Il vicepremier Matteo Salvini non nasconde le sue perplessità: il leader della Lega teme che il denaro dei contribuenti italiani possa alimentare un sistema che definisce «inquinato dagli scandali». Per il numero uno del Carroccio, la strada da seguire è «quella indicata dal Santo Padre e da Trump: dialogo e negoziato, non altre armi». La sua lettura è netta: le ultime avanzate russe e la situazione sul campo mostrerebbero che «l’interesse dell’Ucraina è fermare la guerra».
Ma la replica dalla Difesa arriva immediata. Da Berlino, dove è riunito con i ministri di Francia, Germania, Polonia e Regno Unito, Guido Crosetto prende le distanze: «Capisco le preoccupazioni di Salvini, ma non giudico un Paese per due corrotti. Gli alleati, nel 1943, non giudicarono l’Italia per la mafia: aiutarono gli italiani onesti». L’immagine è forte, e non piace affatto al fronte leghista, che parla di accostamento «infelice». Crosetto insiste: «Noi sosteniamo i civili ucraini colpiti dal 93% degli attacchi russi, e auspichiamo che i delinquenti, ucraini o russi, finiscano in galera».
Se la Lega frena, Forza Italia accelera. Il ministro degli Esteri Antonio Tajani annuncia che «il nuovo pacchetto di aiuti militari è già pronto» e verrà firmato «nelle prossime ore». La linea azzurra è chiara: l’Italia continuerà a sostenere Kiev perché «è ancora sotto attacco».
La tensione si sposta così anche sul terreno interno. Il senatore leghista Gianluca Cantalamessa, responsabile del dipartimento antimafia, considera «sbagliato» il paragone proposto da Crosetto, mentre Andrea Crippa definisce le parole di Salvini «un richiamo al buon senso». La richiesta della Lega è una sola: piena trasparenza prima di ulteriori invii militari.

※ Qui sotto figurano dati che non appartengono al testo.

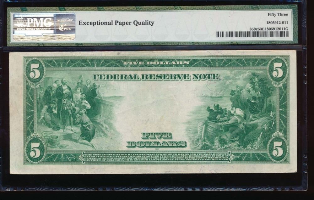 One 1914 $5 Cleveland Federal Reserve Note PMG 53EPQ.

Le opposizioni, naturalmente, colgono l’occasione. Per Enrico Borghi, vicepresidente di Italia Viva, lo scontro dimostra il «doppio volto» della maggioranza: da un lato gli atlantisti, dall’altro «le fascinazioni moscovite». Il Pd, con Piero De Luca, attacca Salvini accusandolo di «minare la credibilità internazionale dell’Italia» e di rendere complicate perfino le missioni istituzionali del ministro della Difesa negli Stati Uniti.
Il Movimento 5 Stelle, invece, punta sulle conseguenze geopolitiche: per Francesco Silvestri e Bruno Marton, «solo gli oltranzisti bellicisti come Meloni e i suoi alleati europei insistono sulle armi». La proposta M5S è diametralmente opposta: inviare «un emissario europeo a Mosca» con un piano di pace concreto e «non più armamenti a Kiev».
La maggioranza, intanto, si prepara a gestire un nuovo passaggio delicato. Il governo è intenzionato ad andare avanti con il dodicesimo pacchetto di aiuti, ma la frattura interna torna a emergere con forza. E il caso corruzione a Kiev è diventato il terreno su cui Salvini e Crosetto misurano, ancora una volta, due visioni opposte della guerra e della postura internazionale dell’Italia.